- _About this exercise_:
Exact repetition of a range: find the line containing "The 5.5 in." and the line containing "The 2016 Dallas" in the material below, then repeat both and all lines between them, leaving pictures out.

:: Given information

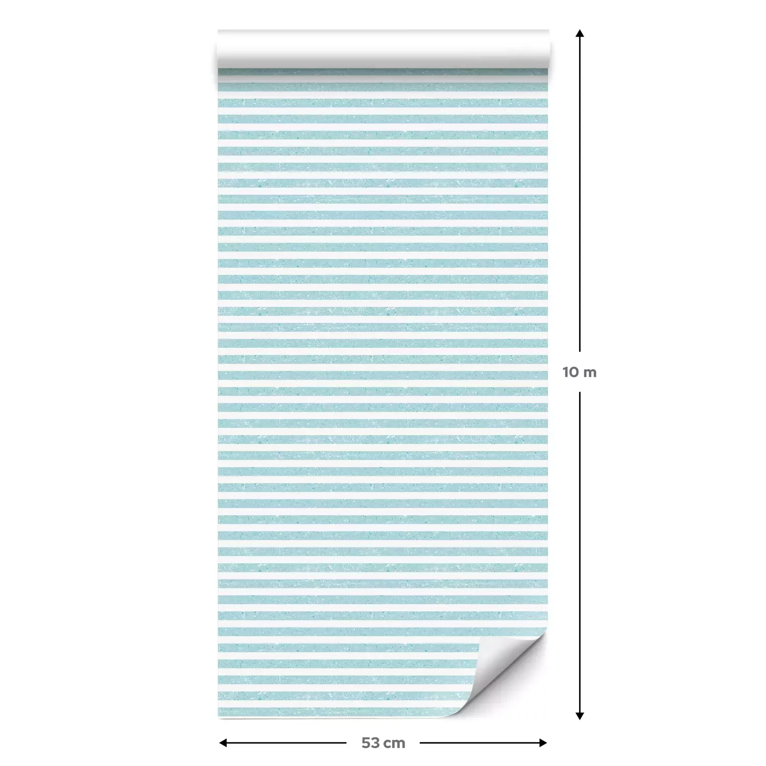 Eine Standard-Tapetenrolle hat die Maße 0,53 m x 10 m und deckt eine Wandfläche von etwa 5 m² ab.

::::
:: Given information

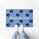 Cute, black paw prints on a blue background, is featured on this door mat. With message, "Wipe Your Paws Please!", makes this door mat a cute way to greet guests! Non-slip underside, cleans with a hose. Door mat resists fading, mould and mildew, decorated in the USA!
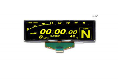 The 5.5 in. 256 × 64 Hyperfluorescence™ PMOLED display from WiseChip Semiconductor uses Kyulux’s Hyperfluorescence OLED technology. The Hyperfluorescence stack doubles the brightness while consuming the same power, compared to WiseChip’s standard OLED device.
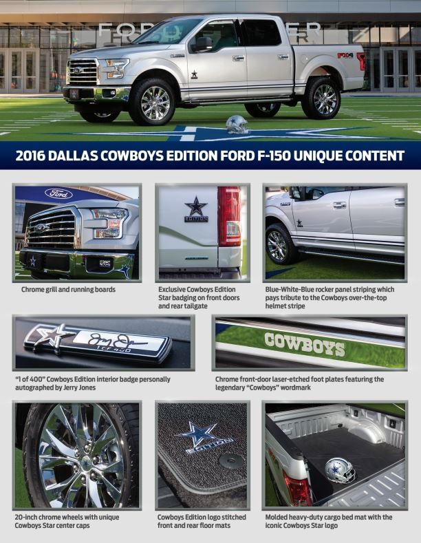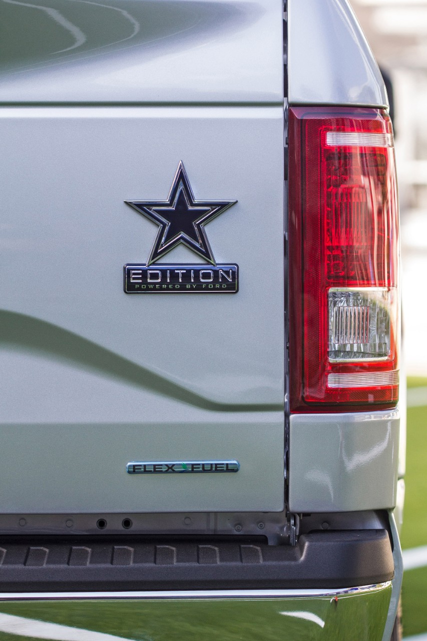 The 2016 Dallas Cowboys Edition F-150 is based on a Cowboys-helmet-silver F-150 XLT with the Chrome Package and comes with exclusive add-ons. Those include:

::::
:: Given information

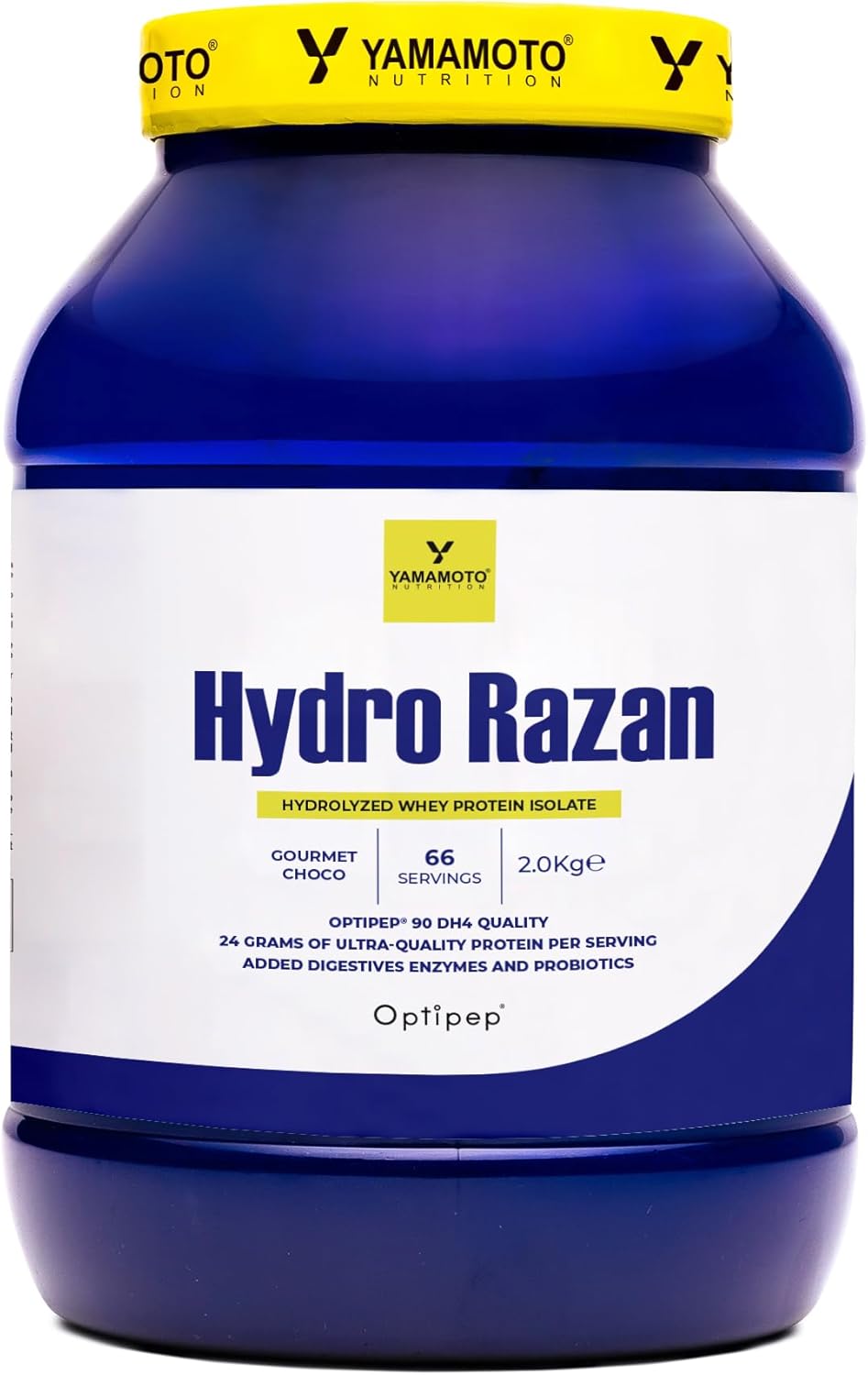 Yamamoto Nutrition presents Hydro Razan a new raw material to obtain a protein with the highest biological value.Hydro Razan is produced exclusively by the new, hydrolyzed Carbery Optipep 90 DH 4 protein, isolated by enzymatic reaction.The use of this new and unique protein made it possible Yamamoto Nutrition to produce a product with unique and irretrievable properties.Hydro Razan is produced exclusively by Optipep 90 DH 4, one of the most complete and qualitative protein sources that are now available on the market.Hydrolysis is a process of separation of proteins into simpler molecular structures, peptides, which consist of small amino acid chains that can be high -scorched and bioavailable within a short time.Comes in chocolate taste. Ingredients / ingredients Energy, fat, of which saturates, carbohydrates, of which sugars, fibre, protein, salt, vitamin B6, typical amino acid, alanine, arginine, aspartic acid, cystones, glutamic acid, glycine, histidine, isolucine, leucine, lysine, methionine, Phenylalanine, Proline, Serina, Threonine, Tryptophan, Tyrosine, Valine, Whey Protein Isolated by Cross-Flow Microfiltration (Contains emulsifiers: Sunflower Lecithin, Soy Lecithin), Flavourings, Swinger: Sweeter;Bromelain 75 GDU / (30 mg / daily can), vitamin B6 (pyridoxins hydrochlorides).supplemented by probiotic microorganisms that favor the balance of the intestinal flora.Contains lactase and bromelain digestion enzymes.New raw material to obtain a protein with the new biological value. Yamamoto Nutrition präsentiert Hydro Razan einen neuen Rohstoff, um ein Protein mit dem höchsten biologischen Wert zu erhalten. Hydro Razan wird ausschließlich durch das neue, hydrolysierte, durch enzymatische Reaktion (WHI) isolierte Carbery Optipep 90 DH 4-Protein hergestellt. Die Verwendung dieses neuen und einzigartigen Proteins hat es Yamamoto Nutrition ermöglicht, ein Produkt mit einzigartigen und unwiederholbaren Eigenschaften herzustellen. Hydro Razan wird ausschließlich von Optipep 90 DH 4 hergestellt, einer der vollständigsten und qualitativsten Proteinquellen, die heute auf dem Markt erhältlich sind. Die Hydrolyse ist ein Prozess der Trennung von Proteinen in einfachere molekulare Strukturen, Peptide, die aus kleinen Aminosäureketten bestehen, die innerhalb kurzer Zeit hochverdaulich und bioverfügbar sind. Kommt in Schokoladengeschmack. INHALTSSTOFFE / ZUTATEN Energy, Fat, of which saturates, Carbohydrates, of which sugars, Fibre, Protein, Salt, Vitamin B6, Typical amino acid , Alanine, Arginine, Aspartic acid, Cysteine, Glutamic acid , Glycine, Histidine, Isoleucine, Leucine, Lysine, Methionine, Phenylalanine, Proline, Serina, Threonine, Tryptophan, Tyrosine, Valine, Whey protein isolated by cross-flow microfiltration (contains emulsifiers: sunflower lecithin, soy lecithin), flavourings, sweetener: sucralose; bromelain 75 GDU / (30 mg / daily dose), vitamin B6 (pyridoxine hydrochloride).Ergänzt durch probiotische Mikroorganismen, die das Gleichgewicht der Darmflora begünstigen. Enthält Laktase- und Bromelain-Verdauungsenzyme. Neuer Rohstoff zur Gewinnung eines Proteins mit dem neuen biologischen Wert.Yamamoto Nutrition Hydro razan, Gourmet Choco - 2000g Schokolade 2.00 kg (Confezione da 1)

::::

- _Response_:
 The 5.5 in. 256 × 64 Hyperfluorescence™ PMOLED display from WiseChip Semiconductor uses Kyulux’s Hyperfluorescence OLED technology. The Hyperfluorescence stack doubles the brightness while consuming the same power, compared to WiseChip’s standard OLED device.
 The 2016 Dallas Cowboys Edition F-150 is based on a Cowboys-helmet-silver F-150 XLT with the Chrome Package and comes with exclusive add-ons. Those include:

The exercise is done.